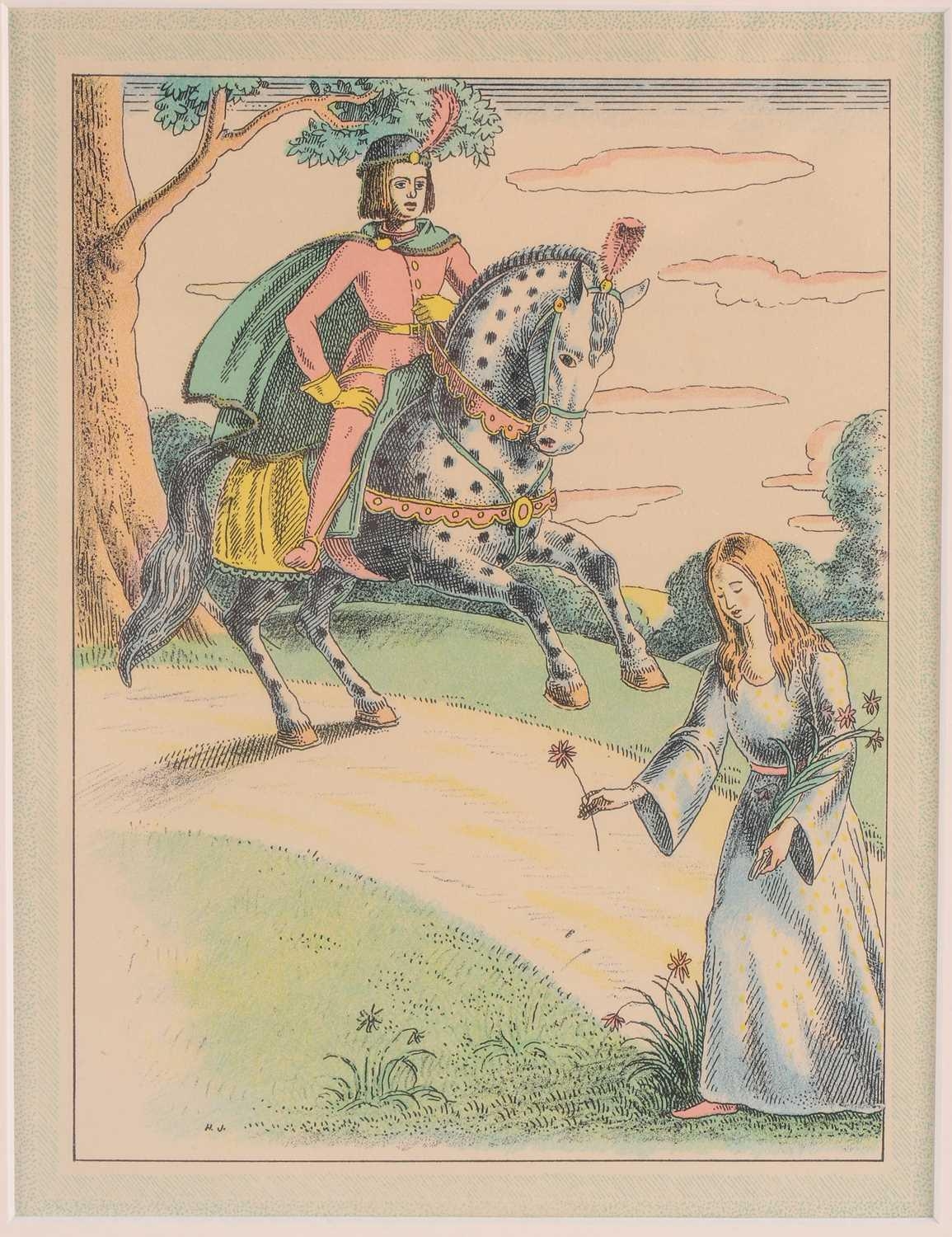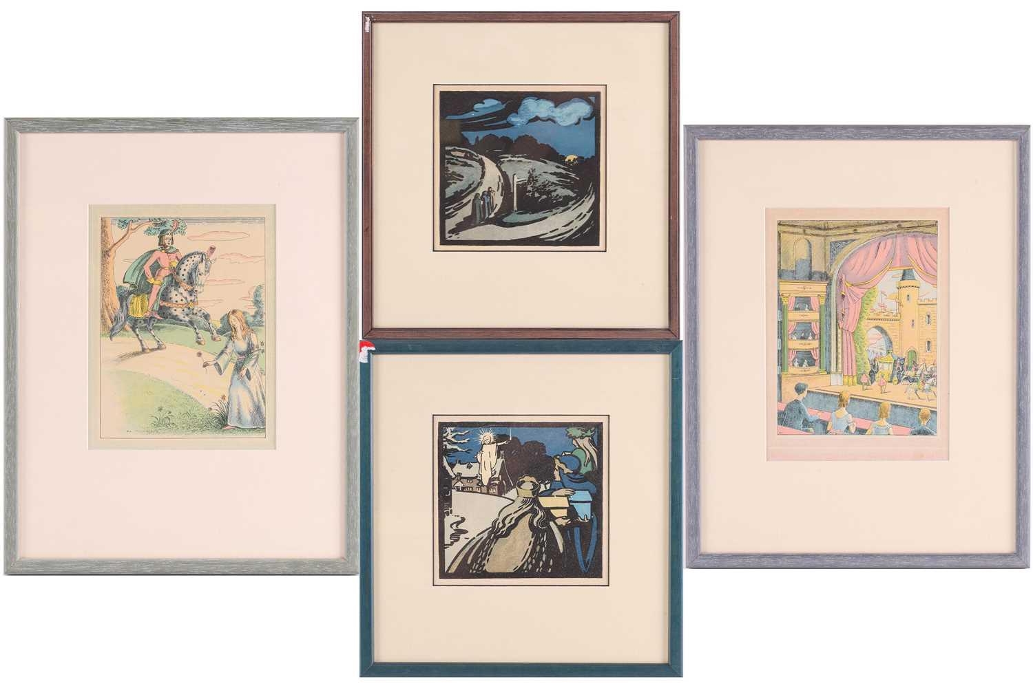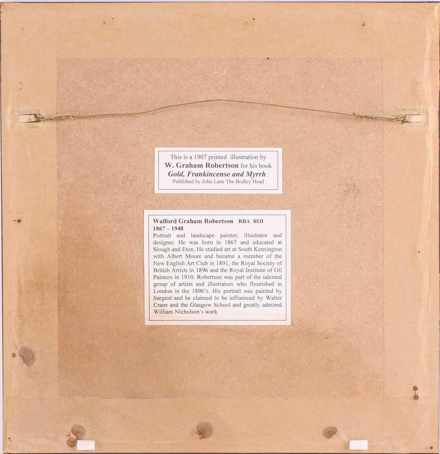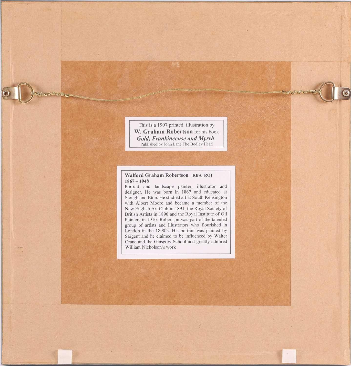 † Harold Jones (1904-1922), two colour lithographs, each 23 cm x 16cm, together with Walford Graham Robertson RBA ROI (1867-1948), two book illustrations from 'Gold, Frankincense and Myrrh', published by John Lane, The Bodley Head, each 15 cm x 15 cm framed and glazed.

---

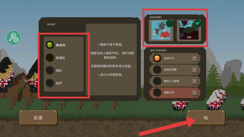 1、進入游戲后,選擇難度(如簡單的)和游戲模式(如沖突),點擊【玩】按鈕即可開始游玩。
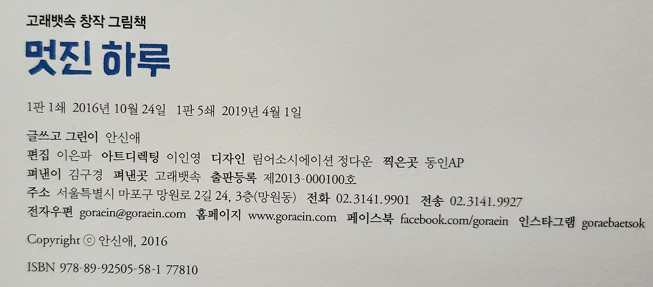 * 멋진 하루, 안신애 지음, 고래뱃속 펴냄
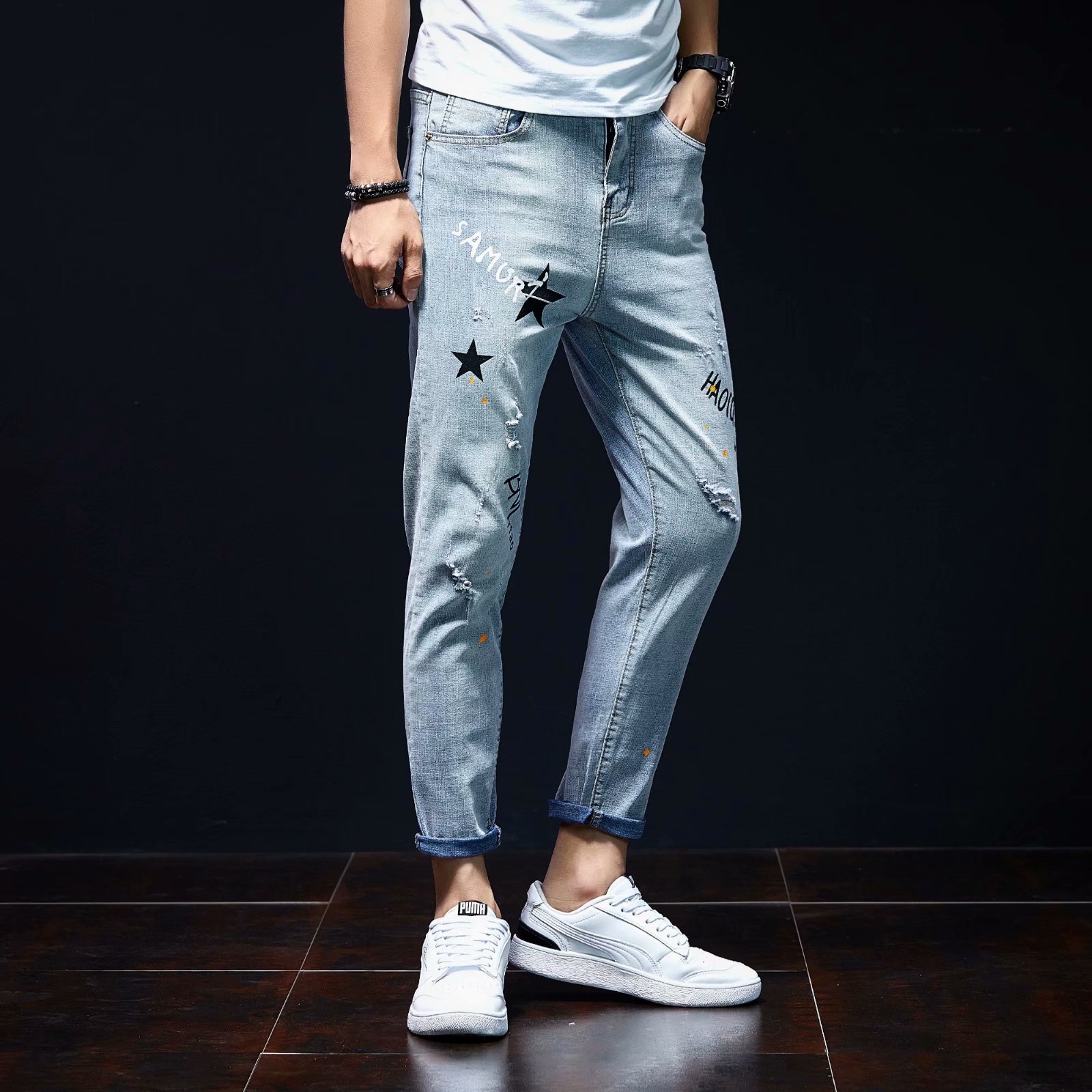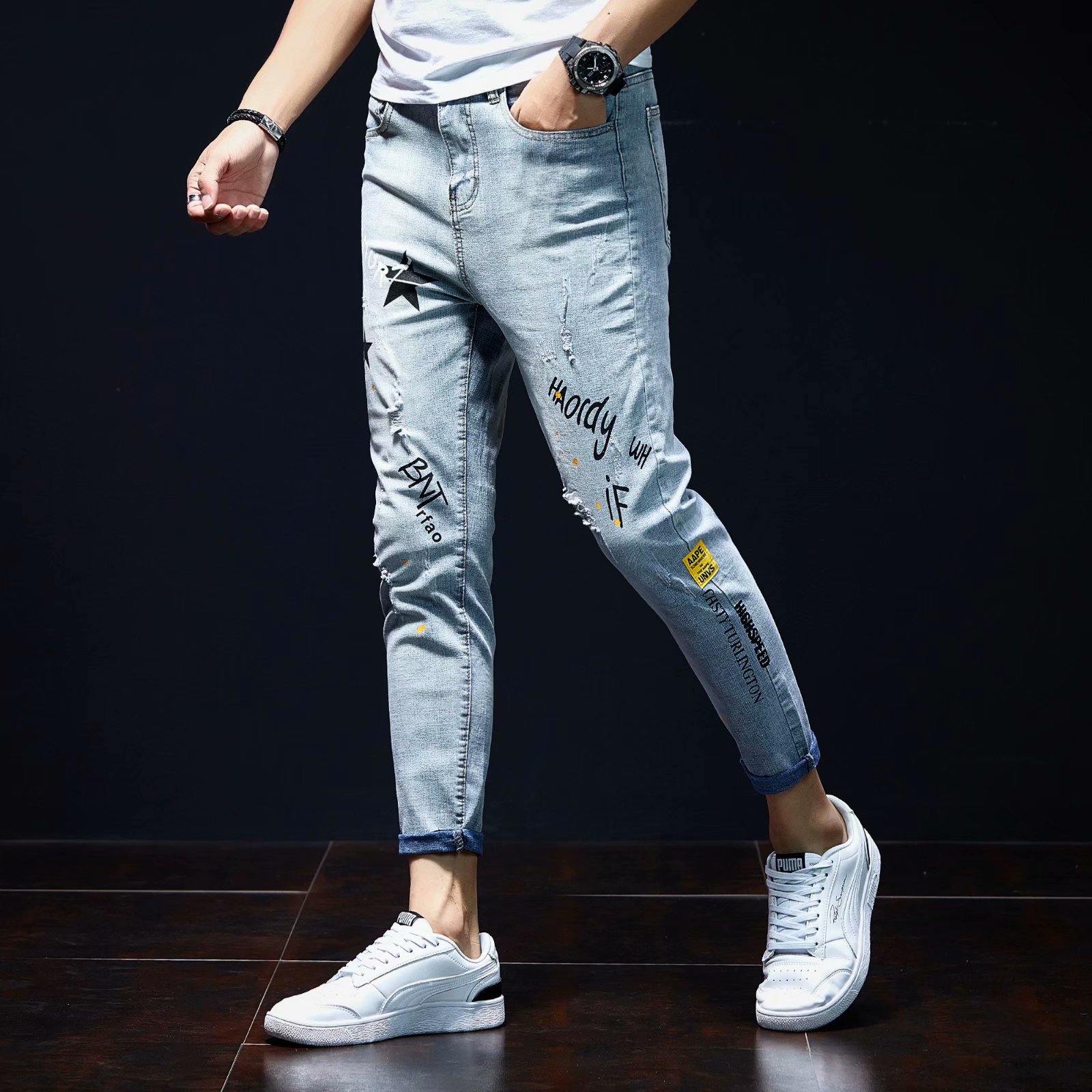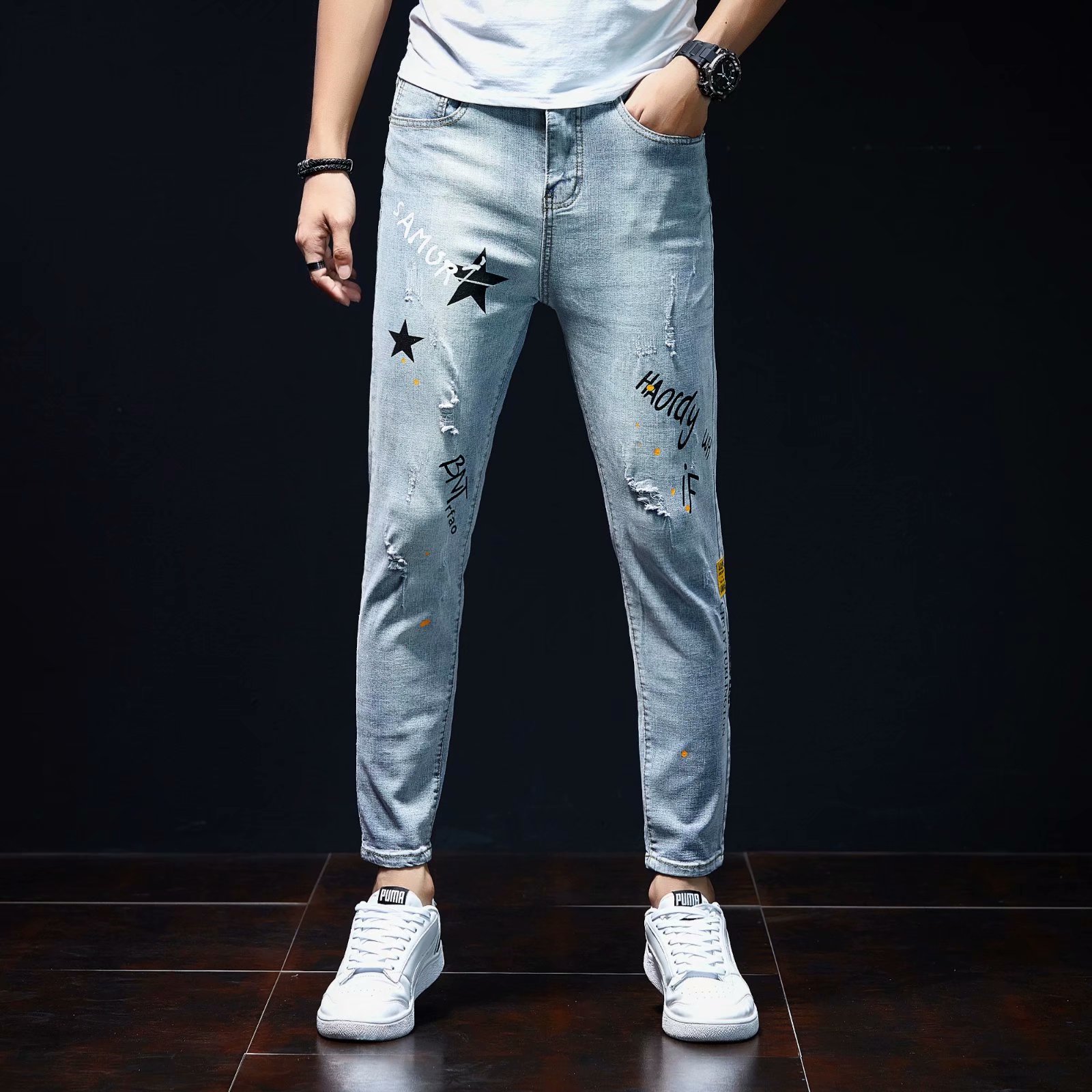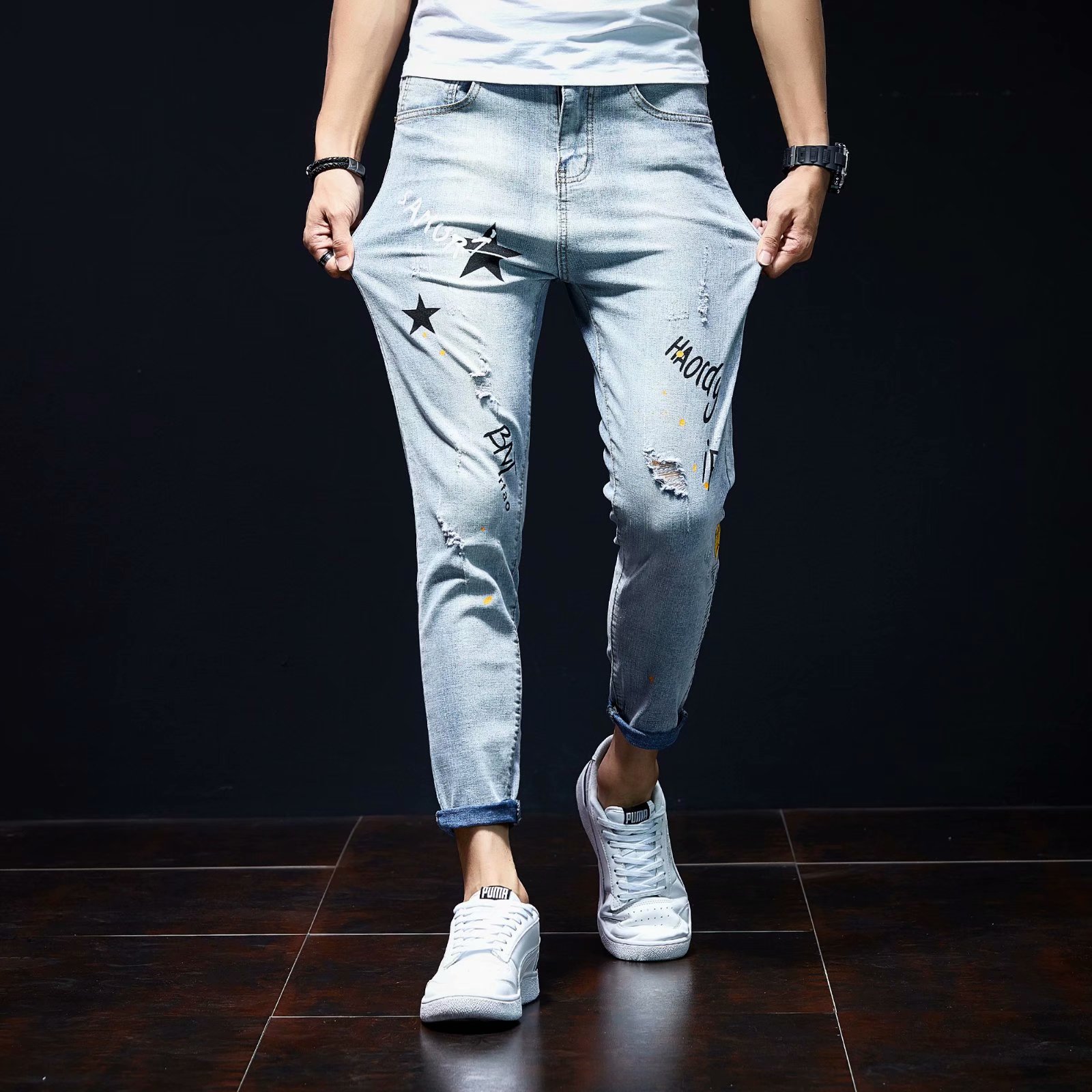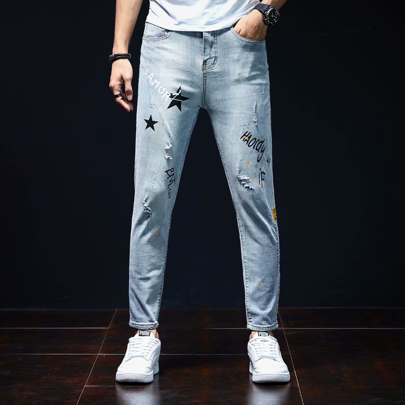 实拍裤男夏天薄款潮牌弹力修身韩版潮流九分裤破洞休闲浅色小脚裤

WHAT IS BEING ASKED
With pictures omitted, repeat the entries above word for word from the line holding "1、進入游戲后,選擇難度(如" down to the line holding "实拍裤男夏天薄款潮牌弹力修身韩版潮流九分裤破洞休闲浅色小脚裤", keeping both of those lines.

WRITTEN SOLUTION
 1、進入游戲后,選擇難度(如簡單的)和游戲模式(如沖突),點擊【玩】按鈕即可開始游玩。
 * 멋진 하루, 안신애 지음, 고래뱃속 펴냄
 实拍裤男夏天薄款潮牌弹力修身韩版潮流九分裤破洞休闲浅色小脚裤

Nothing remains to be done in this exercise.